Reunions are becoming regular and I’m trying to make more. It’s a load of commitment to get into the recovery crowd and there is a lot you can do if you push yourself. However, I’ve taken on the task of my magazine and writing and trying to separate them from my recovery and so I am indeed more attached to my writing. I don’t know what is wrong with paying for your own birthday party. For eating out at times like these I would most likely choose the same restaurants as I’ve been going to recently. Places like Torchy’s, Dunston’s, Bistro B, Shake Shack, The Drip, and the others that can be found through Grinnin Gringol on Google Maps.

Even though I have been doing all this I have even managed to save a few dollars on my minimum wage allowance from my employers. This writing is up to them as to who will read it, because I get dinner tonight luckily. I can seem to get around on only a few hundred dollars a month. There seems to be no expenses other than coffee and the tools for the magazine I charge on my Gold card, paying that off as soon as the bill comes in.

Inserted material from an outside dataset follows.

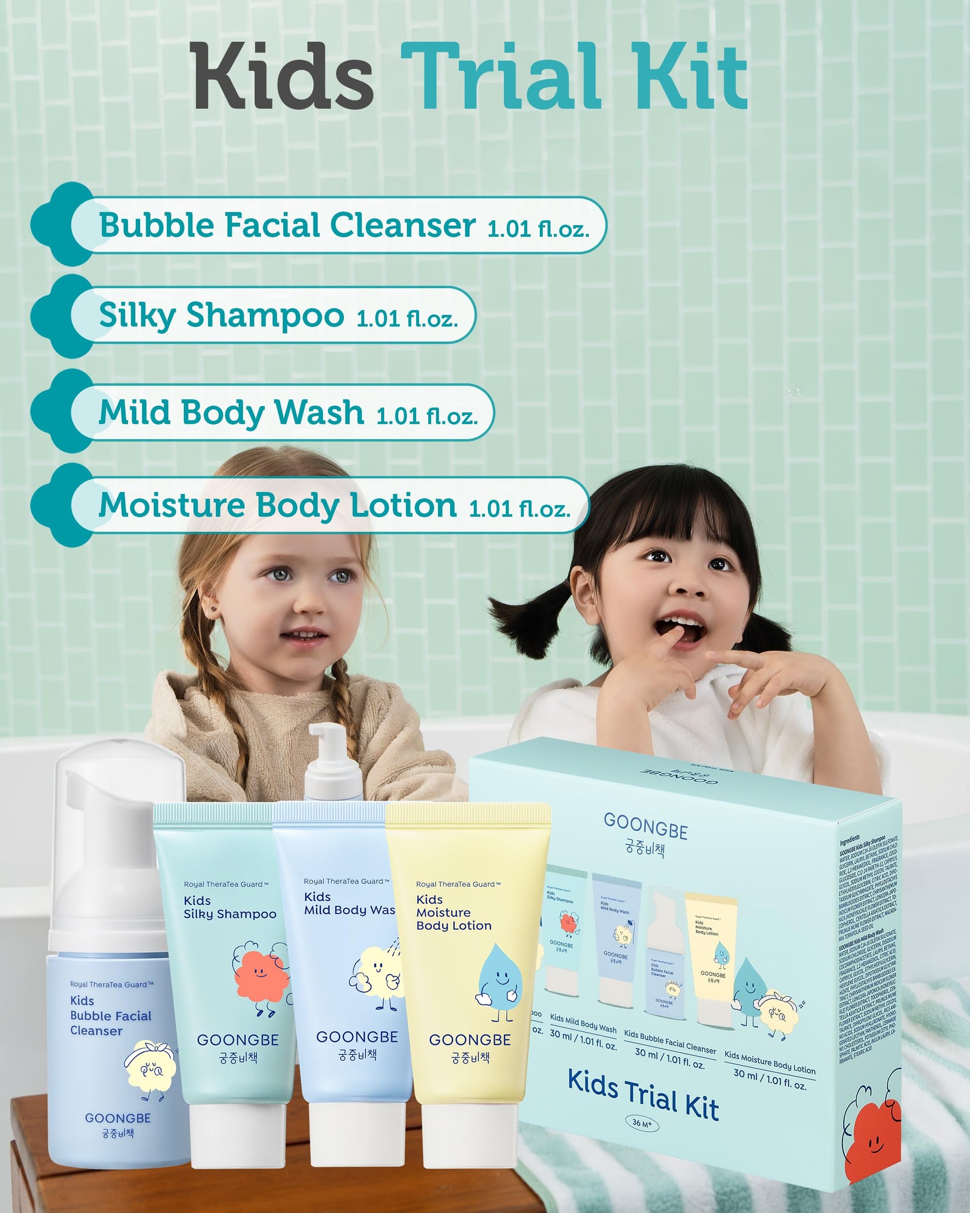 GOONGBE Kids Trial Travel Kit - Korean Low pH Skincare Set with Silky Shampoo, Body Wash, Facial Cleanser & Body Lotion - Silicone-Free Formula for Sensitive Skin, 1.01 fl.oz. each

The secret to my magazine is not saving anything for the next edition. It’s about painting the full picture of all the ideas I had. Even if that is completely exhausting, I plan to capture all the details so that I am not randomly thinking when I’m with myself. It’s all for this edition and I have stated I plan to pick up cyber security, that is when it is an issue again. I’m even applying to jobs because I was trying to claim reduced hours in unemployment. Seeing as how I cannot financially turn away all my employers or I would be left with $164 a week, applying to jobs is just to show that I’m a fit. There are some examples I applied to that are over a 75% match in multiple categories. I’m qualified for a position anywhere between $64,000 and $148,000 a year but have not shown that I have any experience in the United States. Therefore, I am going to try my best to keep things moving with my resolutions.